Ambulance drivers are no longer stretcher bearers, they are highly trained paramedics and MICA resuscitators.
So if your idea of menial workers pictures sad groups of drop-outs and illegal immigrants washing dishes in the kitchens of hotels, you need to know that this work segment is rapidly changing.
In modern marketing-speak this is now called "entry-level work", the first foot on the ladder of a career path. For the most part, it has not been the result of conscious foresight and planning but the social continental shift forced on society by the development of technology.
To put it simply, companies require higher technical and digital skills for almost every job, including those that previously required low knowledge and training.

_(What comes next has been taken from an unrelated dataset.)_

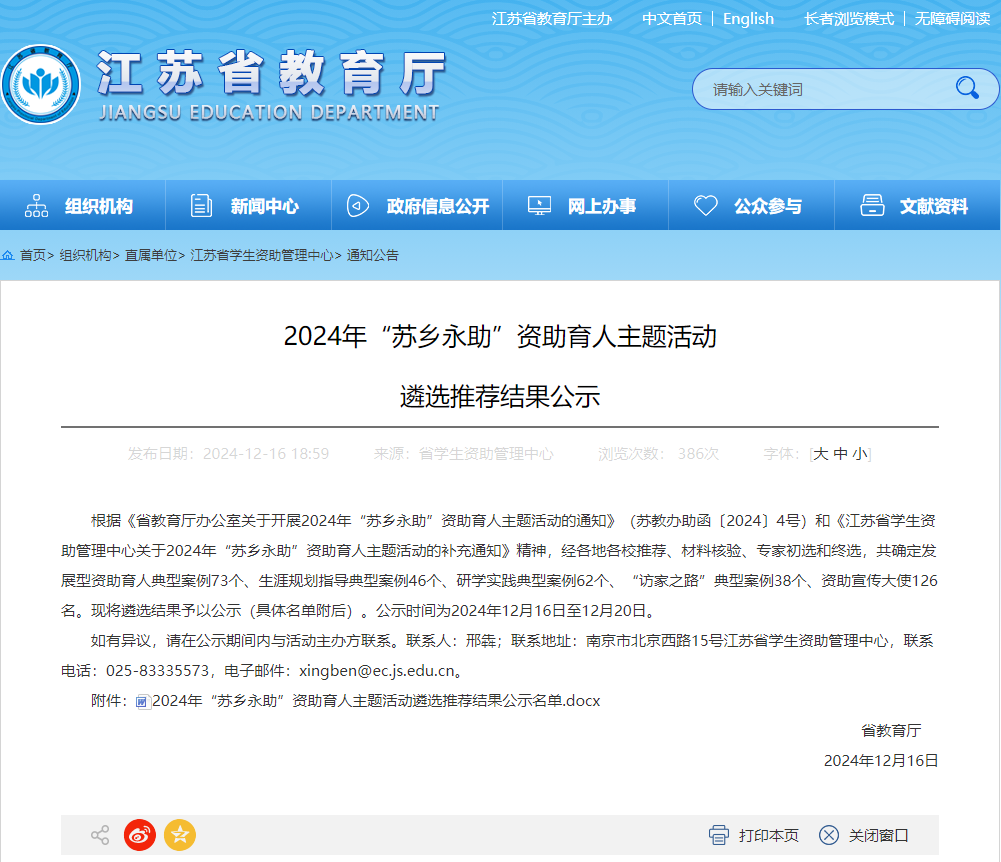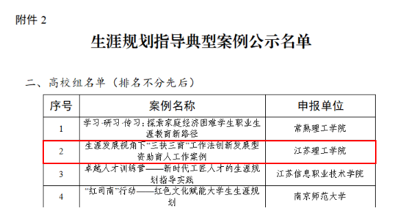 据悉,“苏乡永助”资助育人主题活动旨在推动建立全员参与、各部门配合、教育教学各环节协调联动的发展型资助机制,各地各校组织实施并报送活动成果。经专家初选和终评,最终确定“发展型资助育人典型案例”73个、“生涯规划指导典型案例”46个,“研学实践典型案例”62个、“访家之路典型案例”38个以及“江苏学生资助宣传大使”126名。(图文/学工处 李金东、周阳;审核/许晓星;编辑/张姚)

And fortunately, because of all the "wasted" time spent fiddling with computers, video games, mobile phones and on-line shopping, even our traditional drop-outs emerge with surprisingly high levels of these technical skills.

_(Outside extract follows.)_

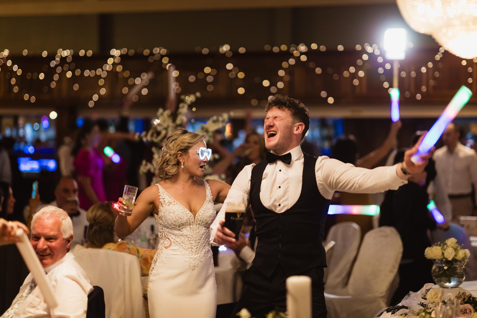 The evening was marked by heartfelt speeches, laughter, and a palpable sense of joy among family and friends. The dance floor buzzed with energy, as guests donned glow sticks and glasses, dancing on chairs to the vibrant tunes of the Bumblebee Honey Band.

The job of a new employer, then, is to point the worker to the assigned task and train them for the extra steps connecting what they need to do with what they already know.
Menial work has been rapidly disappearing in the construction industry too. The hob-nailed booted and boozy builder's labourer is fading into the past. Rather than leaning on a shovel, these days they are driving the back-hoe or dogging on the crane. And of course they need to be up to date with OH&S regulations.
It's in the interest of employers and unions to continually push them to increase their skill levels - both for their value in the workplace, and the income they can command. Through TAFEs, unions like the CFMEU, and other bodies, they are offered scores of short courses - six days or two weeks, say - in dozer driving, scaffolding, crane operation and the like. They add them like scout badges and each increases their worth.
I like to reminisce about student days and the awful jobs I would do for the few bucks they paid. Any downturn in a trading period and you'd be thrown out. This was the way for many menial workers, still is for some. But the world has changed.
A company can no longer afford to hire and fire on a whim or a month's poor returns, because these days even a menial job needs a level of skills and they still take time and training to acquire. So maybe those phones and computer games do have a value, making work more efficient - and workers less menial.